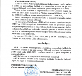 Hotararea nr 01 din 26.01.2021 Hotarare privind structura retelei scolare a unitatilor de invatamant din comuna Calinesti, in anul scolar...
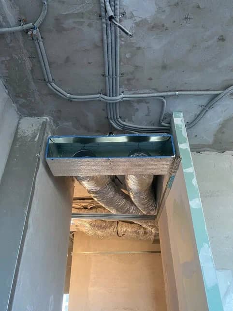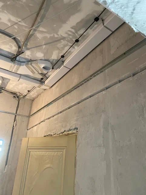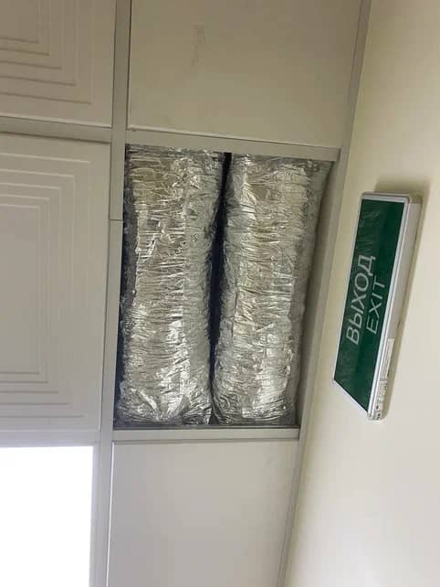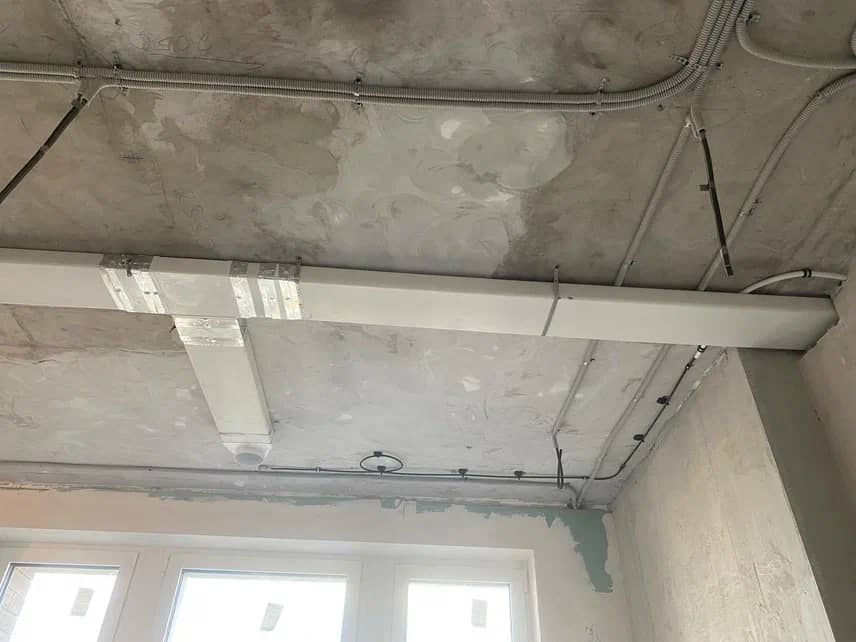 Для распределения охлажденного воздуха по помещениям использовались специальные тонкие воздуховоды. Они требуют минимального пространства для монтажа, что позволяет уменьшить высоту подвесного потолка и сохранить пространство.
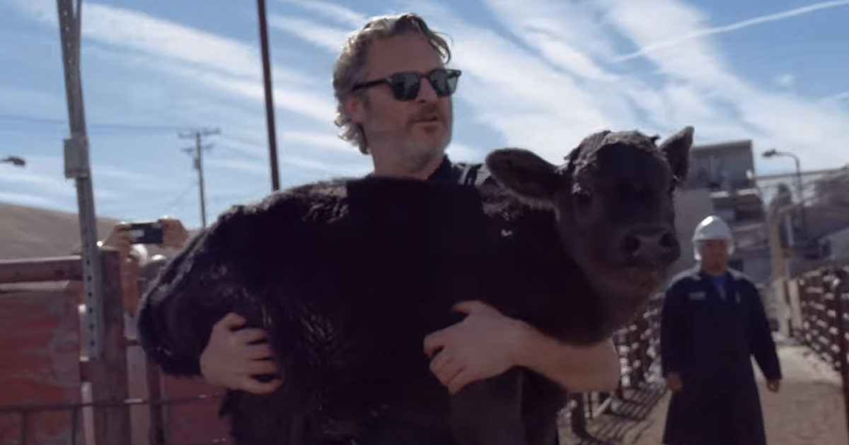 Less than 48 hours after Joaquin Phoenix received his first Oscar for the movie Joker the actor was cradling a newborn calf that he rescued from a Los Angeles slaughterhouse.
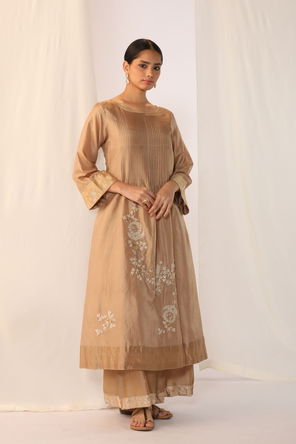Silk kurta featuring delicate scatter embroidery and refined pintuck detailing on the neck
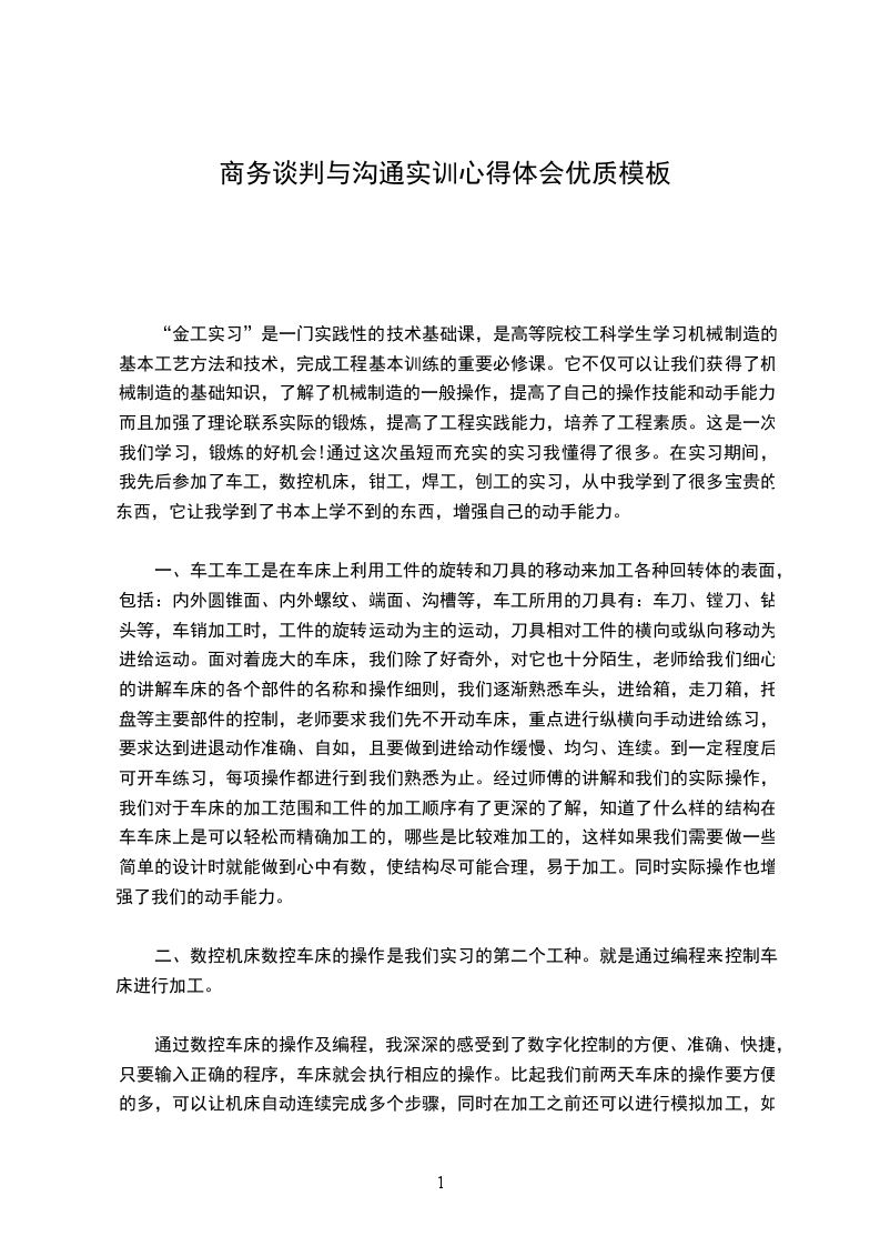 “金工实习”是一门实践性的技术基础课,是高等院校工科学生学习机械制造的基本工艺方法和技术,完成工程基本训练的重要必修课。它不仅可以让我们获得了机械制造的基础知识,了解了机械制造的一般操作,提高了自己的操作技能和动手能力,而且加强了理论联系实际的锻炼,提高了工程实践能力,培养了工程素质。这是一次我们学习,锻炼的好机会!通过这次虽短而充实的实习我懂得了很多。在实习期间,我先后参加了车工,数控机床,钳工,焊工,刨工的实习,从中我学到了很多宝贵的东西,它让我学到了书本上学不到的东西,增强自己的动手能力。
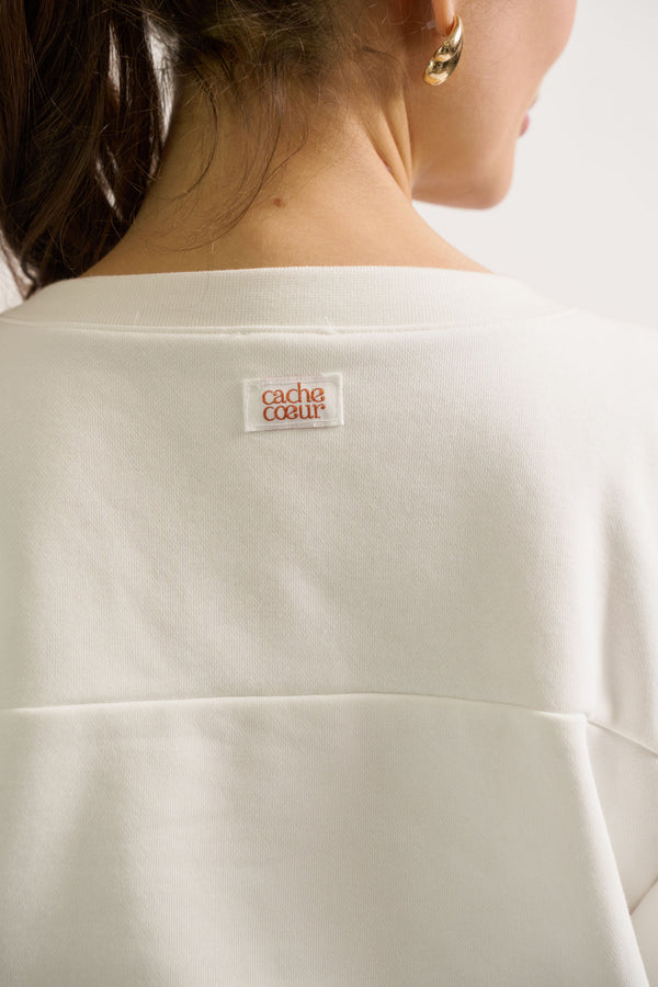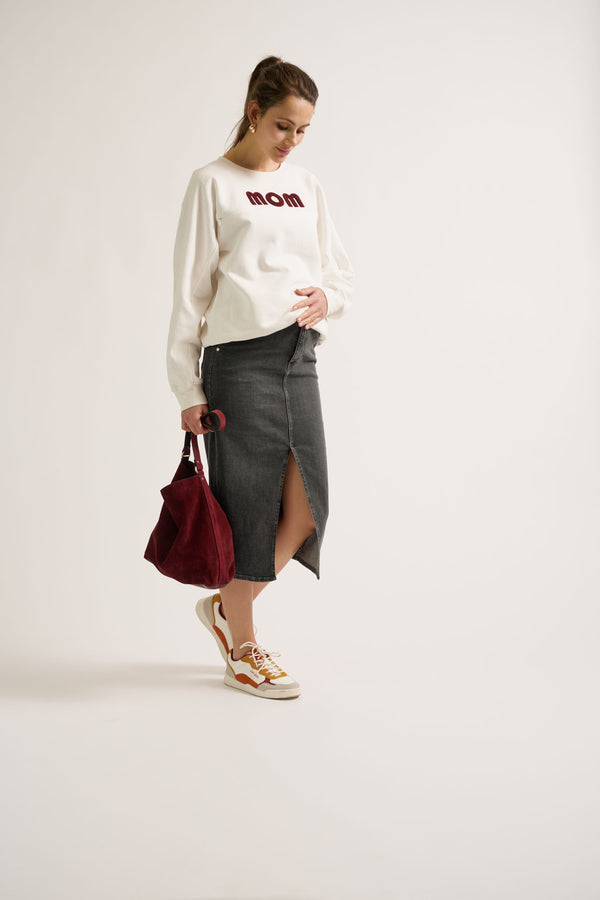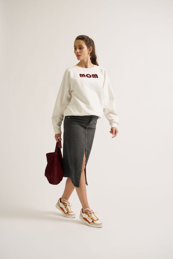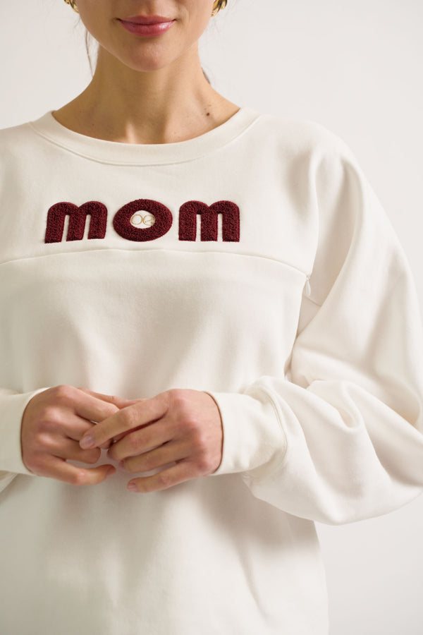 Avec son inscription “MOM” en bouclettes brodées, ce sweat célèbre la maternité avec fierté et tendresse. Sa coupe droite et ses manches légèrement bouffantes offrent un confort absolu, tout en restant moderne. Pensé pour les jeunes mamans, il cache une ouverture zippée horizontale très discrète, parfaitement intégrée sous la poitrine, pour allaiter facilement et en toute sérénité.

-.-.-

**EXERCISE DIRECTIONS**
Set out exactly, and only, the lines between the first line of the listing and the line containing "Silk kurta featuring", counting both, while leaving every picture out.

**TASK OUTPUT**
 Hotararea nr 01 din 26.01.2021 Hotarare privind structura retelei scolare a unitatilor de invatamant din comuna Calinesti, in anul scolar...
 Для распределения охлажденного воздуха по помещениям использовались специальные тонкие воздуховоды. Они требуют минимального пространства для монтажа, что позволяет уменьшить высоту подвесного потолка и сохранить пространство.
 Less than 48 hours after Joaquin Phoenix received his first Oscar for the movie Joker the actor was cradling a newborn calf that he rescued from a Los Angeles slaughterhouse.
Silk kurta featuring delicate scatter embroidery and refined pintuck detailing on the neck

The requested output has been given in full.